The task:
Transcribe the data that follows without changing a word, and omit the pictures.

[[ Supplied material open ]]

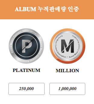 Albümler 250.000 satışa ulaştıklarında; yayımlanmalarından en az 6 hafta sonra sertifikalanıyor. GOT7’ın 2018 yılında ‘Eyes On You‘dan sonra ikinci albümü “Present: You” platin sertifikasına sahip olurken; NU’EST W “Who You” ile ilk kez sertifika almış oldu.
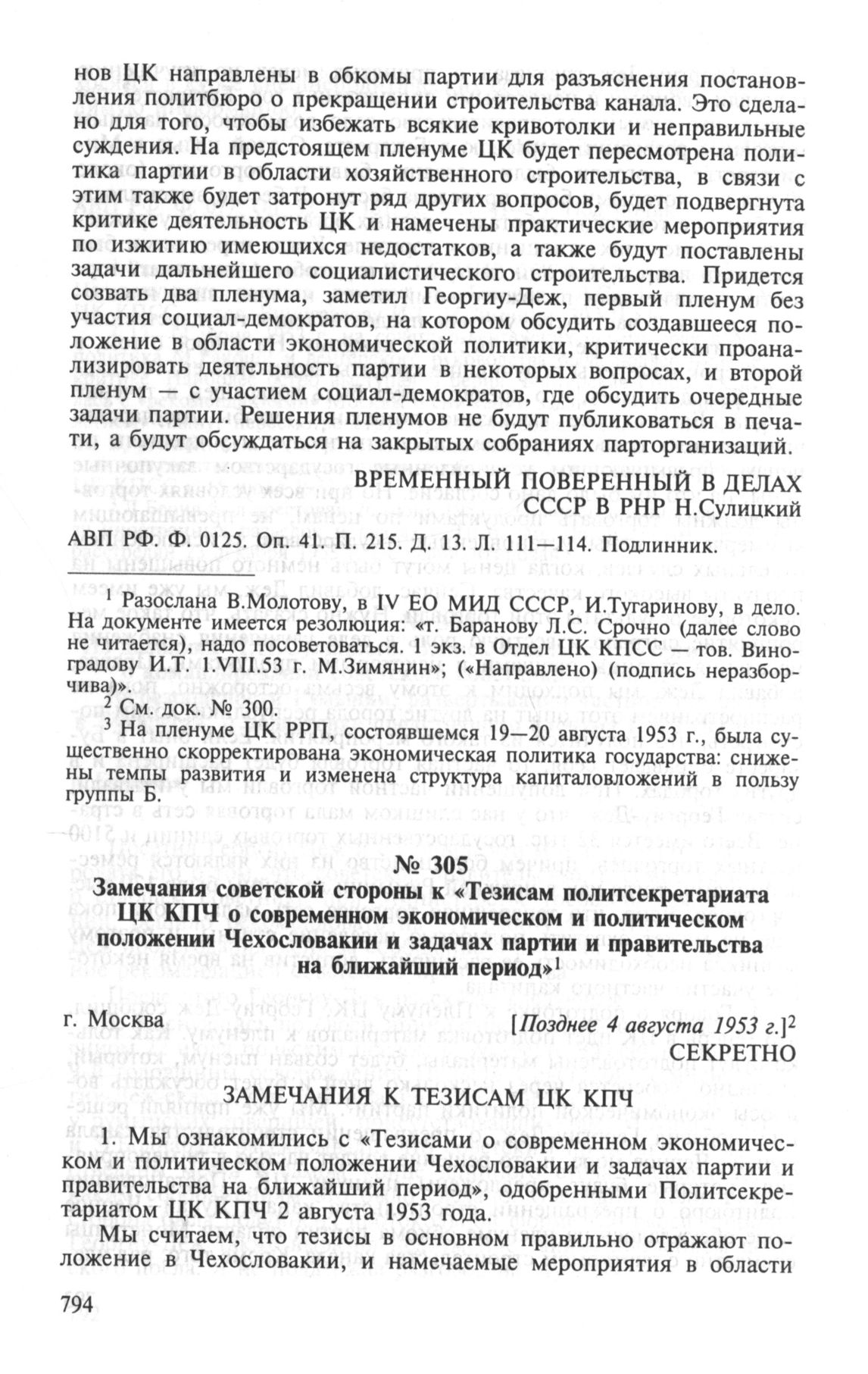 Замечания советской стороны к «Тезисам политсекретариата ЦК КПЧ о современном экономическом и политическом положении Чехословакии и задачах партии и правительства на ближайший период». Москва, позднее 4 августа 1953 г. // АП РФ. Ф. 3. Оп. 66. Д. 807. Л. 44—52. Копия.
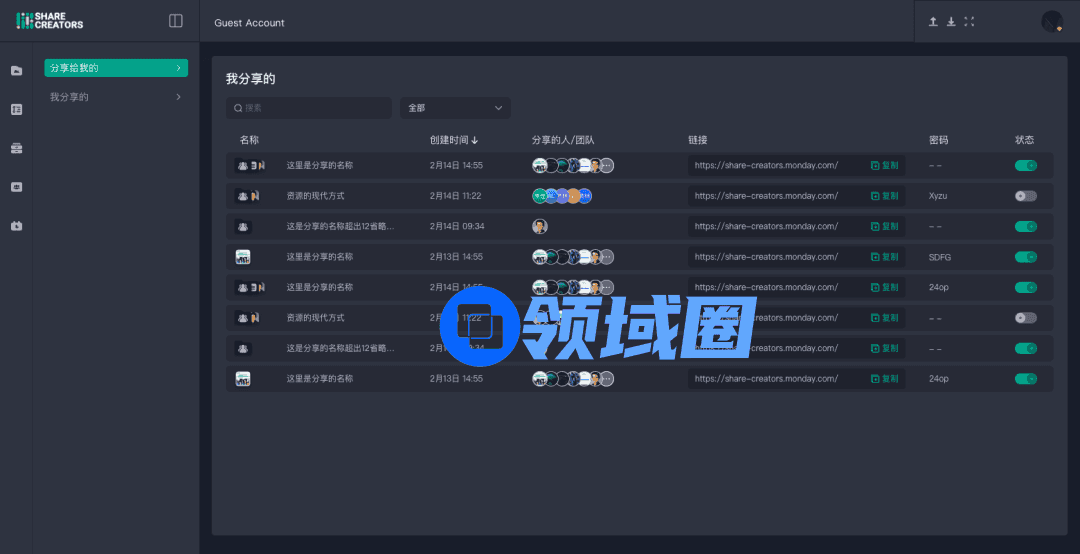 √分享资源的名称、分享时间、分享的人/团队、链接和密码等信息一目了然,通过状态按钮可随时对分享出的资源进行停用。
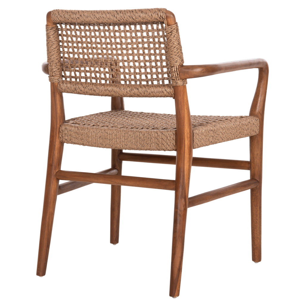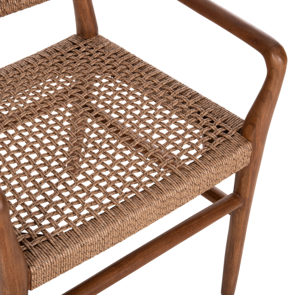 Кресло ROSCO, както за професионална, така и за домашна употреба, е с високо качество. Красивата му рамка е изработена от качествена дървесина в цвят ОРЕХ, а средно високата облегалка и широката седалка са изработени от майсторски изплетено VIRO въже. Дизайнерските линии на фотьойла са елегантни, като характерна особеност са заоблените ъгли на подлакътниците. Фотьойлът идеално ще допълни маса с подобно качество и естетика.

[[ Supplied material closed ]]

Task solution:
 Albümler 250.000 satışa ulaştıklarında; yayımlanmalarından en az 6 hafta sonra sertifikalanıyor. GOT7’ın 2018 yılında ‘Eyes On You‘dan sonra ikinci albümü “Present: You” platin sertifikasına sahip olurken; NU’EST W “Who You” ile ilk kez sertifika almış oldu.
 Замечания советской стороны к «Тезисам политсекретариата ЦК КПЧ о современном экономическом и политическом положении Чехословакии и задачах партии и правительства на ближайший период». Москва, позднее 4 августа 1953 г. // АП РФ. Ф. 3. Оп. 66. Д. 807. Л. 44—52. Копия.
 √分享资源的名称、分享时间、分享的人/团队、链接和密码等信息一目了然,通过状态按钮可随时对分享出的资源进行停用。
 Кресло ROSCO, както за професионална, така и за домашна употреба, е с високо качество. Красивата му рамка е изработена от качествена дървесина в цвят ОРЕХ, а средно високата облегалка и широката седалка са изработени от майсторски изплетено VIRO въже. Дизайнерските линии на фотьойла са елегантни, като характерна особеност са заоблените ъгли на подлакътниците. Фотьойлът идеално ще допълни маса с подобно качество и естетика.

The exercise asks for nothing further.